Курт наблюдал эту сцену из своего угла. На протяжении всего вечера он следил за девушкой и отмечал все стадии перемены ее настроения, от бесшабашной, отчаянной веселости до отчаянного стыда. Романтическая русская душа, открытая, наивная, глупая. Он отпил пару глотков, закрывая кружкой лицо, наблюдая за Генрихом. По тому, каким взглядом тот проводил девушку, было ясно, что последует позже. Распалился, скотина. Наверняка залезет к ней ночью. Он допил пунш и отправился к себе.
Слезы высохли, осталось бессилие вместе с сознанием того, что вела она себя крайне глупо. Вера попыталась игнорировать и первое и второе. Она тщательно почистила зубы, приняла душ, расчесала на ночь волосы, промыла холодной водой заплаканные глаза, разделась, натянула ночную рубашку, распахнула окно и забралась в просторную, слишком широкую для одного человека кровать. В распахнутое окно ворвался лунный свет и ветер с заснеженных вершин. Вдохнув чистый морозный воздух, она поежилась, согреваясь на холодных простынях. Свежевыстиранное белье пахло точь-в-точь как в доме у бабушки, тюлевые занавески шуршали, касаясь подоконника. Снизу едва слышались печальные звуки аккордеона. Она повернулась, устраиваясь поудобнее, матрас тихонько скрипнул под ее телом. В конце концов Вера уснула.
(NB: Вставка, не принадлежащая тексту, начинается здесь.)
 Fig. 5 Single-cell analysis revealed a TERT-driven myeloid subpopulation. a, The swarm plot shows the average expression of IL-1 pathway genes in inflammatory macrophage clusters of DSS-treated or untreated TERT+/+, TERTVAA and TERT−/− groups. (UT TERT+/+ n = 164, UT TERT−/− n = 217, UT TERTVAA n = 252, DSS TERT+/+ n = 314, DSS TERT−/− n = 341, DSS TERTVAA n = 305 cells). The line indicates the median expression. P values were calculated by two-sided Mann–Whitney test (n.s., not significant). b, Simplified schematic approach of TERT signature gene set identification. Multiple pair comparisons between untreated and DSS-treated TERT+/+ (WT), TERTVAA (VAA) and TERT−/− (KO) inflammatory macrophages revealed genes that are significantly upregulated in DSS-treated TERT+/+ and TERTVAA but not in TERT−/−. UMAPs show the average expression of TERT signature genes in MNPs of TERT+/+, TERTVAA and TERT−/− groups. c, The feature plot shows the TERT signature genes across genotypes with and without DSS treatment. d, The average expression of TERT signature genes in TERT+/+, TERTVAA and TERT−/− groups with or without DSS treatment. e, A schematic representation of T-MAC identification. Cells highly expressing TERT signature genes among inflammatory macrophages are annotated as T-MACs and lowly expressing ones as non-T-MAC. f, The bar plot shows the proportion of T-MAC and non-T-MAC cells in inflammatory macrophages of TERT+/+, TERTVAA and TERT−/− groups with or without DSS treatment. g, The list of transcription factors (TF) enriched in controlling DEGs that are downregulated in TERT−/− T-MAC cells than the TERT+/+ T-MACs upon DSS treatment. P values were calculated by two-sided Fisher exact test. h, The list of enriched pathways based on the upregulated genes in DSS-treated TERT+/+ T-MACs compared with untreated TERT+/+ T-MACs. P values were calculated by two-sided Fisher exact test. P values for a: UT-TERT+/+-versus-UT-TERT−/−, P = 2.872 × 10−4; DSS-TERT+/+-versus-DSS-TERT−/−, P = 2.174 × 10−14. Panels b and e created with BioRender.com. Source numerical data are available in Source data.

Курт лежал с книгой в постели, стоявшей у стены, за которой в соседней комнате лежала девушка. Было слышно, как поскрипывал матрас под ее телом, как она несколько раз вздохнула, глубоко и печально. И затихла. Их разделяла такая тонкая преграда, что ему казалось, он не только слышит каждый шорох, но и видит ее — в длинной белой ночной рубашке с кружевами; заплаканную, несчастную, одинокую. Он перевернул страницу, углубившись в чтение.
Ей часто снились подобные сны. Большое, мощное тело, лежащее рядом, чуткие пальцы, поглаживающие кожу. Вот они осторожно снимают с нее рубашку, и она не сопротивляется, отдавшись нежной силе мужских рук.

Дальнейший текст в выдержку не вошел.